What the exercise asks: Copy the records below in full and leave every image out of the copy.

Provided data:

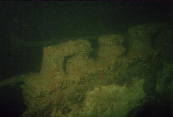 Istun polvillani kannella ja tasaan hengitystäni. Katselen ympärilleni ja annan silmien tottua vallitsevaan valoon. Kuvaan kameralla ympäristöä. Laitan hieman ilmaa pukuun. Lamppua ei tarvita. Katseeni osuu Jyrkiin, näytämme OK-merkit. Uin kameran kanssa edestakaisin pitkin kantta. Olemme jonkun kansirakennuksen katolla. Katson alas ja näen kannella vihreässä hämyssä olevan ison höyryvinssin. Annan Jyrkille merkin ja laskeudumme alas kannelle. Tarkistan mittarit. Syvyys 30 metriä ja ilmaakin on riittävästi. Kuvaan hetkisen vinssiä ja sen ympäristöä. Liikkuminen on hankalaa, kun kameran ja kaapelin tarkkailu vievät osan huomiosta. Päätän luopua kuvaamisesta ja nostan kameran kansirakennuksen katolle. Ehtiihän sitä myöhemminkin kuvata.
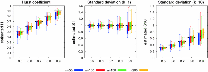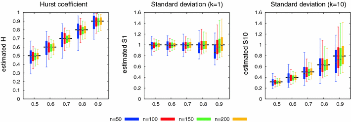 Boxplots (estimated of 1,000 samples) of ML-estimates for different true H (x-axis) and sample sizes (colours). The boxes represent the 1st and 3rd quartile, the black line the median and the whiskers the 5 and 95% quantiles. The underlying horizontal black line elements give the true values. Left: ML estimate \(\hat{H}\), centre: ML estimate \(\hat{\sigma}^{(1)}\) and right: ML estimate \(\hat{\sigma}^{(10)}\)
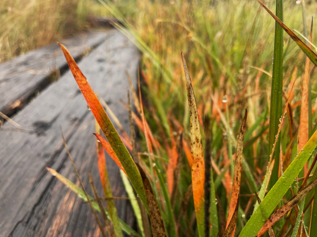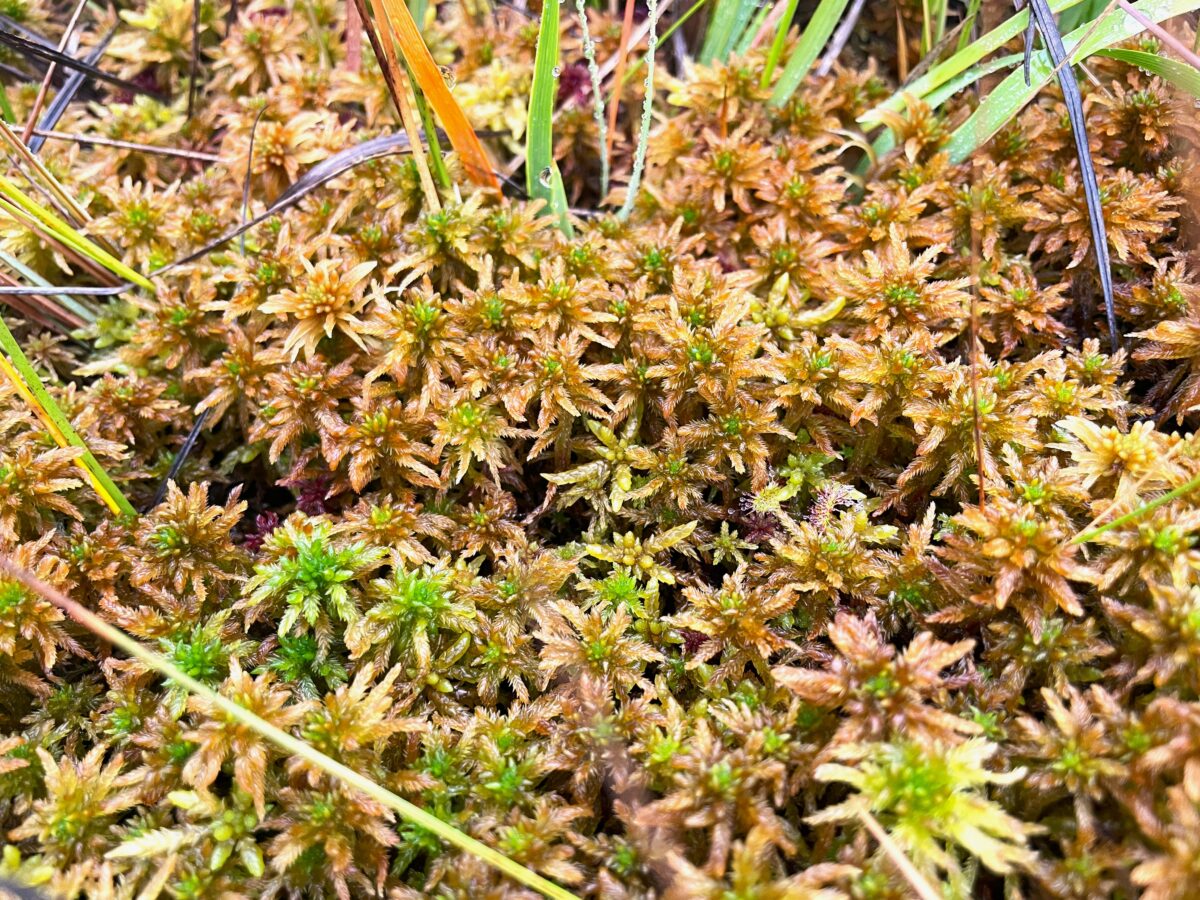 足元に目を向けると、池塘の周りに生えているミズコケや木道沿いの草が季節感のある暖色に移り変わっていました。夏真っ盛りの頃は緑色でしたが、今は赤みを帯びて、湿原を彩る草もみじの一部となっているようです。ミズゴケはスポンジのようにふかふかしていて水を多く含み、直射日光が当たる湿原を湿った状態に保つ役割を果たしています。
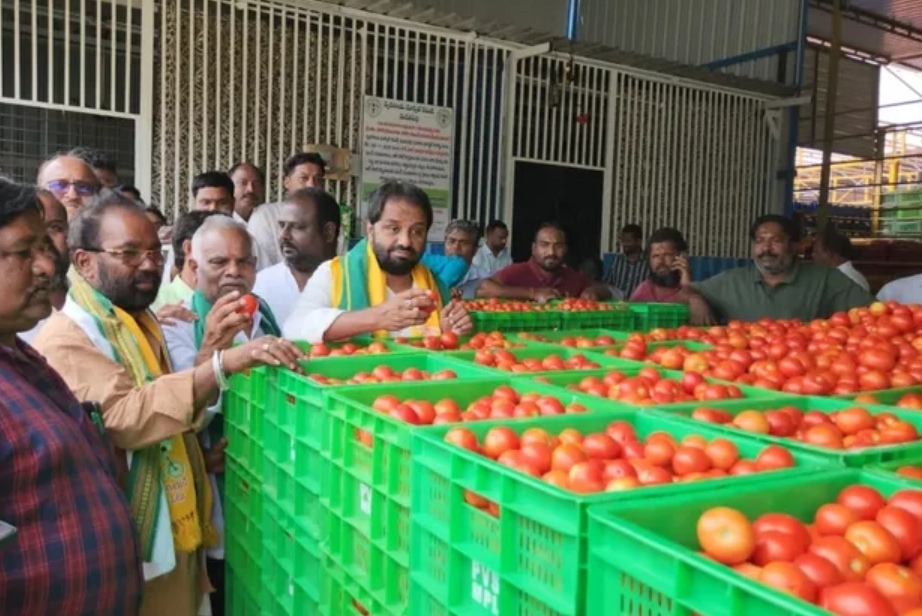 మదనపల్లి టమోటా మార్కెట్లో సోమవారం ఎమ్మెల్యే షాజహాన్ బాషా 15 కిలోల చిన్న క్రేట్ల విధానాన్ని ప్రారంభించారు. ఈ కొత్త విధానం వల్ల రైతులు అధిక లాభాలు పొందవచ్చని, ఆక్షన్ లేకుండా నేరుగా విక్రయాలు జరుపుకోవచ్చని ఆయన తెలిపారు.
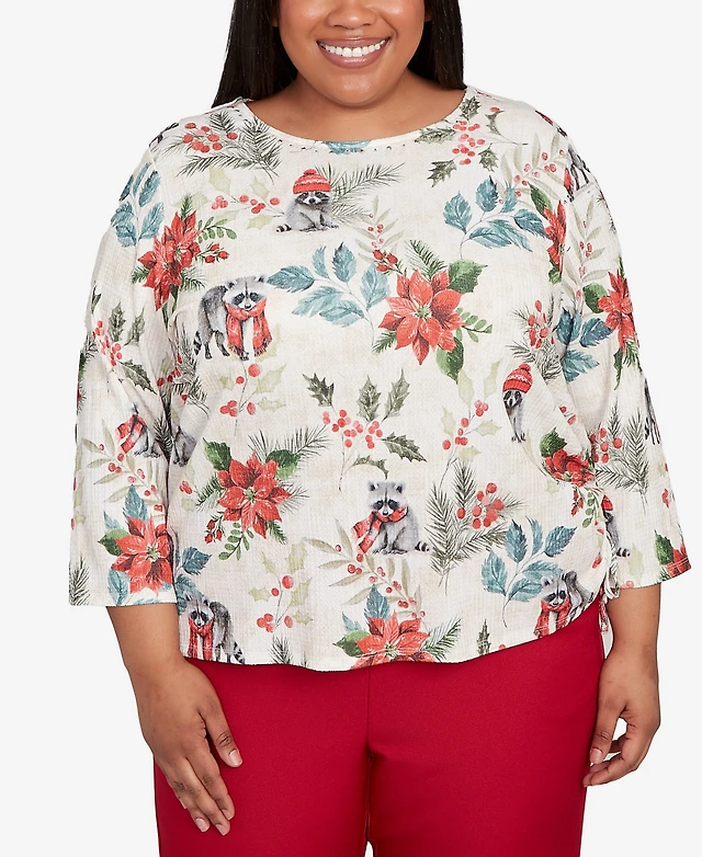 Alfred Dunner Plus Classic Holiday Poinsettias Crew Neck Top

Output of the task:
 Istun polvillani kannella ja tasaan hengitystäni. Katselen ympärilleni ja annan silmien tottua vallitsevaan valoon. Kuvaan kameralla ympäristöä. Laitan hieman ilmaa pukuun. Lamppua ei tarvita. Katseeni osuu Jyrkiin, näytämme OK-merkit. Uin kameran kanssa edestakaisin pitkin kantta. Olemme jonkun kansirakennuksen katolla. Katson alas ja näen kannella vihreässä hämyssä olevan ison höyryvinssin. Annan Jyrkille merkin ja laskeudumme alas kannelle. Tarkistan mittarit. Syvyys 30 metriä ja ilmaakin on riittävästi. Kuvaan hetkisen vinssiä ja sen ympäristöä. Liikkuminen on hankalaa, kun kameran ja kaapelin tarkkailu vievät osan huomiosta. Päätän luopua kuvaamisesta ja nostan kameran kansirakennuksen katolle. Ehtiihän sitä myöhemminkin kuvata.
 Boxplots (estimated of 1,000 samples) of ML-estimates for different true H (x-axis) and sample sizes (colours). The boxes represent the 1st and 3rd quartile, the black line the median and the whiskers the 5 and 95% quantiles. The underlying horizontal black line elements give the true values. Left: ML estimate \(\hat{H}\), centre: ML estimate \(\hat{\sigma}^{(1)}\) and right: ML estimate \(\hat{\sigma}^{(10)}\)
 足元に目を向けると、池塘の周りに生えているミズコケや木道沿いの草が季節感のある暖色に移り変わっていました。夏真っ盛りの頃は緑色でしたが、今は赤みを帯びて、湿原を彩る草もみじの一部となっているようです。ミズゴケはスポンジのようにふかふかしていて水を多く含み、直射日光が当たる湿原を湿った状態に保つ役割を果たしています。
 మదనపల్లి టమోటా మార్కెట్లో సోమవారం ఎమ్మెల్యే షాజహాన్ బాషా 15 కిలోల చిన్న క్రేట్ల విధానాన్ని ప్రారంభించారు. ఈ కొత్త విధానం వల్ల రైతులు అధిక లాభాలు పొందవచ్చని, ఆక్షన్ లేకుండా నేరుగా విక్రయాలు జరుపుకోవచ్చని ఆయన తెలిపారు.
 Alfred Dunner Plus Classic Holiday Poinsettias Crew Neck Top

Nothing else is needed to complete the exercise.